Let $X$ and $Y$ be jointly distributed random variables such that the conditional distribution of $Y$ given $X =x $ is uniform in the interval $(x-1,x+1)$.
Now we are given $E(X) = 1$ and $Var(x) = \frac{5}{3}$, now how can we proceed to calculate expectation of random variable $Y$ and variance of $Y$ ?
I can only start $f(y|X= x) = \frac{f_{X,Y}(x,y)}{f_{X}(x)}$
as we have a continuous uniform distribution now here perhaps I should write $x-1<y<x+1$.
I am stuck here,how to extract information from $Y$ ?
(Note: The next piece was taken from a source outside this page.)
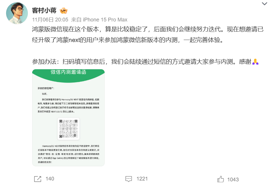 腾讯 WXG(微信事业群)员工@客村小蒋上周在微博宣布,纯血鸿蒙版微信已经趋于稳定。后续团队将继续努力迭代,现在计划邀请已升级 HarmonyOS NEXT 系统的用户参加鸿蒙微信新版本的内测,共同完善体验。
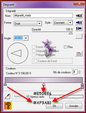 Fichier/Nouveau/900/600 blanc Préparée un dégradé Filtre/modules externes/dégradé Nb couleurs 3

Given $Y\mid X \sim\mathcal U(X-1;X+1)$ you should know, or be able to find, the following: $${\mathsf E(Y\mid X)\\ \mathsf{Var}(Y\mid X)}$$
Also given $\mathsf E(X)=1$ and $\mathsf {Var}(X)=5/3$, you can use these four evaluations with the following:
Law of Total Expectation: $$\mathsf E(Y) = \mathsf E(\mathsf E(Y\mid X))$$
Law of Total Variance: $$\mathsf {Var}(Y) = \mathsf E(\mathsf {Var}(Y\mid X))+\mathsf {Var}(\mathsf E(Y\mid X))$$